- _Brief_: Each record is to be printed again exactly, though not its pictures.

*** Opening Records shown ***

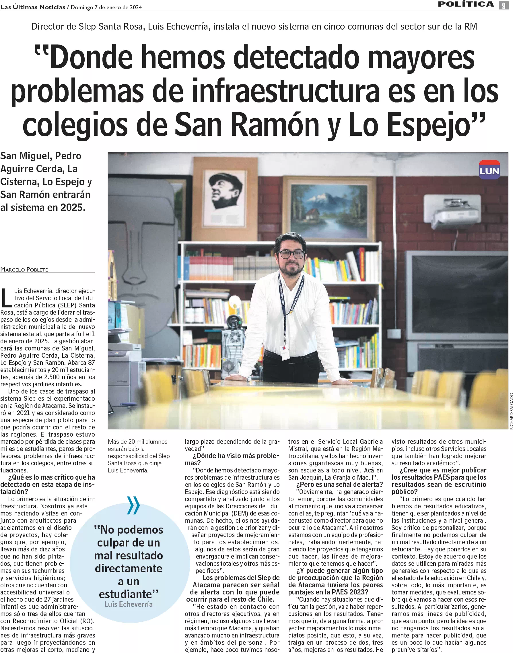 "Donde hemos detectado mayores problemas de infraestructura es en los colegios de San Ramón y Lo Espejo"
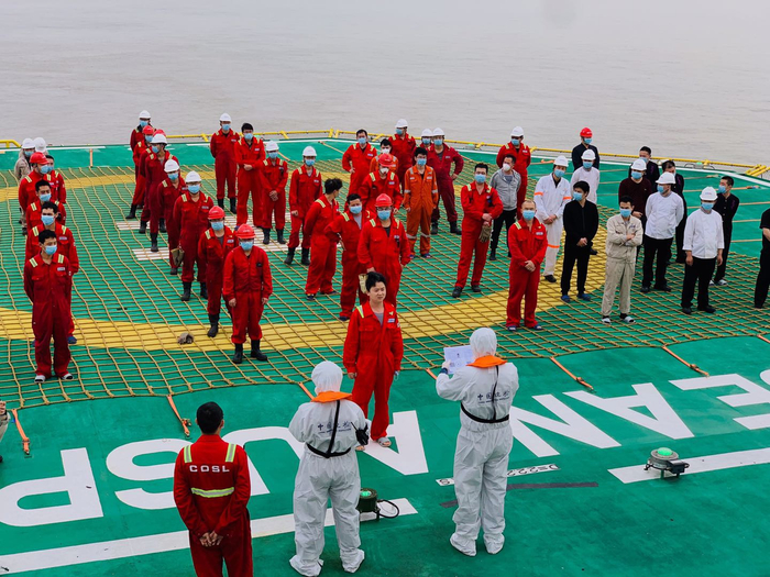 据洋山边检站介绍,本次登上石油钻井平台的68名工作人员均为中国籍员工,在登平台前,所属公司均已安排14天居家隔离,并向边检机关报备了绿色健康码。在平台换旗交付前,洋山边检站通过“预约办”与厂方、代理方根据疫情、天气、人员情况,约定平台换旗出港时间,提前安排警力保障换旗出港流程无缝衔接。同时,通过无纸化申报,指导代理人员通过“国家移民管理局边检行政许可网上窗口”为68名工作人员办理登轮证件,一次性办结平台换旗和出港边检手续,合并工作环节,尽可能减少人员接触。
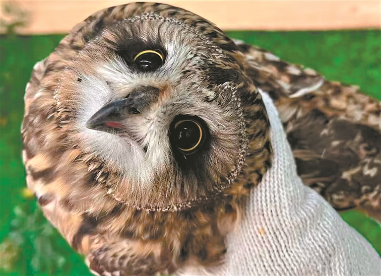 当天,在松山湖寒溪河青鹤湾湿地,一只短耳鸮因左爪被渔线缠住,被困在近10米高的树枝上,虽无助地扑腾翅膀却始终无法挣脱。在接到几名正在拍摄的观鸟爱好者这一救助讯息后,松山湖自然资源局林长办相关负责人立即带上笼子、长竿、线锯等工具赶往现场。由于树枝过高,救助人员带来的工具无法够到受困的短耳鸮。松山湖城管分局园林办等工作人员使用超长修枝工具成功剪断树枝,短耳鸮顺利获救。经现场检查,这只短耳鸮属于国家二级保护鸟类,是猫头鹰的一种。它因被渔线紧勒导致左爪受伤,部分羽毛被磨损,但整体状态尚可。
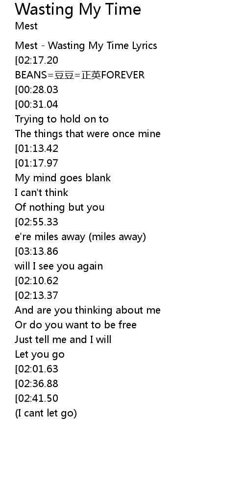 | [00:01.89] | Mest - Wasting My Time Lyrics |
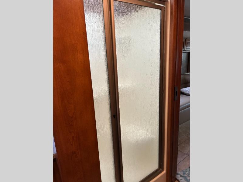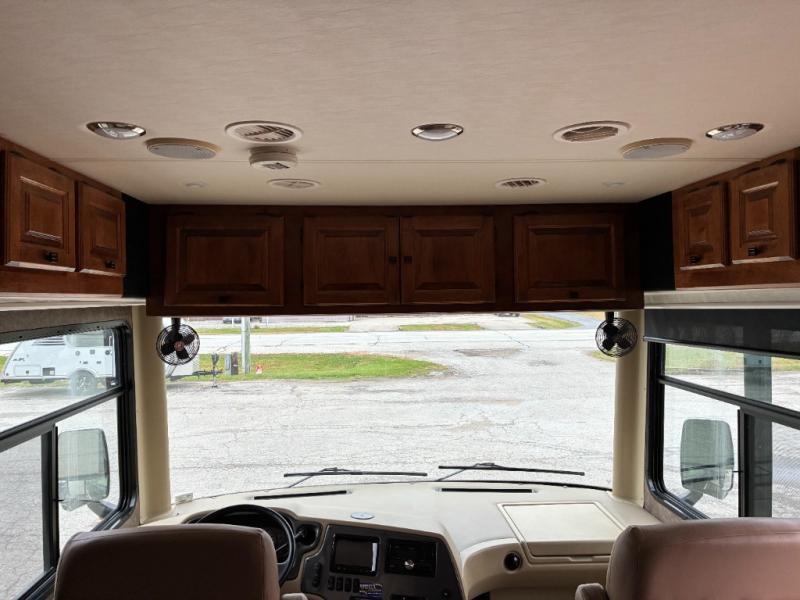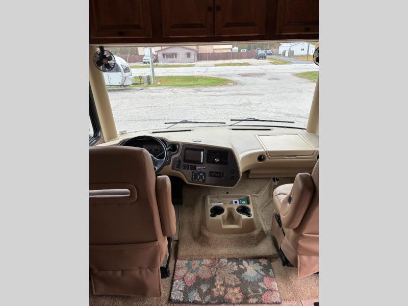 As you enter the coach, the front includes two captain's chairs, overhead cabinets at each side, an optional TV at the center front and an optional driver side door.
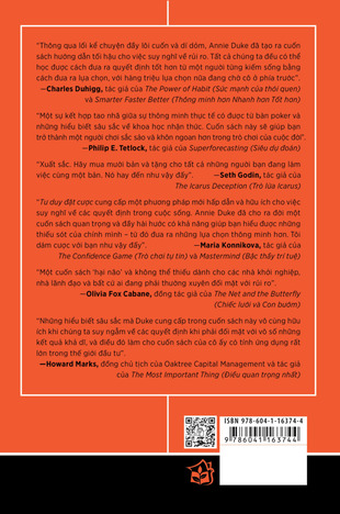 Tư duy đặt cược sử dụng rất nhiều ví dụ hấp dẫn để minh họa cho những công cụ hùng mạnh (và gần như không liên quan gì đến toán học) mà bất cứ ai cũng có thể áp dụng được. Nó sẽ giúp bạn nhận diện những sai lầm may mắn và những khoảnh khắc sáng chói xui xẻo để bạn sẽ ít có nguy cơ bị chiếm lĩnh bởi những cảm xúc phản ứng, thành kiến theo phản xạ và thói quen tiêu cực. Và nó sẽ giúp bạn chiêu mộ được sự giúp đỡ của đồng nghiệp, bạn bè và gia đình trên cuộc hành trình tìm kiếm thành công đang tiếp diễn của mình. Cho dù tương lai có ra sao đi nữa thì bạn cũng sẽ trở nên tự tin hơn, điềm tĩnh hơn và bao dung với bản thân mình hơn khi đối mặt với nó. Không phải lúc nào bạn cũng đưa ra được những quyết định đúng đắn, nhưng bạn sẽ có được một lợi thế lớn hơn rất nhiều so với những người đặt cược bằng cảm giác thay vì bằng trí óc.

*** Closing Records shown ***

- _Task answer_:
 "Donde hemos detectado mayores problemas de infraestructura es en los colegios de San Ramón y Lo Espejo"
 据洋山边检站介绍,本次登上石油钻井平台的68名工作人员均为中国籍员工,在登平台前,所属公司均已安排14天居家隔离,并向边检机关报备了绿色健康码。在平台换旗交付前,洋山边检站通过“预约办”与厂方、代理方根据疫情、天气、人员情况,约定平台换旗出港时间,提前安排警力保障换旗出港流程无缝衔接。同时,通过无纸化申报,指导代理人员通过“国家移民管理局边检行政许可网上窗口”为68名工作人员办理登轮证件,一次性办结平台换旗和出港边检手续,合并工作环节,尽可能减少人员接触。
 当天,在松山湖寒溪河青鹤湾湿地,一只短耳鸮因左爪被渔线缠住,被困在近10米高的树枝上,虽无助地扑腾翅膀却始终无法挣脱。在接到几名正在拍摄的观鸟爱好者这一救助讯息后,松山湖自然资源局林长办相关负责人立即带上笼子、长竿、线锯等工具赶往现场。由于树枝过高,救助人员带来的工具无法够到受困的短耳鸮。松山湖城管分局园林办等工作人员使用超长修枝工具成功剪断树枝,短耳鸮顺利获救。经现场检查,这只短耳鸮属于国家二级保护鸟类,是猫头鹰的一种。它因被渔线紧勒导致左爪受伤,部分羽毛被磨损,但整体状态尚可。
 | [00:01.89] | Mest - Wasting My Time Lyrics |
 As you enter the coach, the front includes two captain's chairs, overhead cabinets at each side, an optional TV at the center front and an optional driver side door.
 Tư duy đặt cược sử dụng rất nhiều ví dụ hấp dẫn để minh họa cho những công cụ hùng mạnh (và gần như không liên quan gì đến toán học) mà bất cứ ai cũng có thể áp dụng được. Nó sẽ giúp bạn nhận diện những sai lầm may mắn và những khoảnh khắc sáng chói xui xẻo để bạn sẽ ít có nguy cơ bị chiếm lĩnh bởi những cảm xúc phản ứng, thành kiến theo phản xạ và thói quen tiêu cực. Và nó sẽ giúp bạn chiêu mộ được sự giúp đỡ của đồng nghiệp, bạn bè và gia đình trên cuộc hành trình tìm kiếm thành công đang tiếp diễn của mình. Cho dù tương lai có ra sao đi nữa thì bạn cũng sẽ trở nên tự tin hơn, điềm tĩnh hơn và bao dung với bản thân mình hơn khi đối mặt với nó. Không phải lúc nào bạn cũng đưa ra được những quyết định đúng đắn, nhưng bạn sẽ có được một lợi thế lớn hơn rất nhiều so với những người đặt cược bằng cảm giác thay vì bằng trí óc.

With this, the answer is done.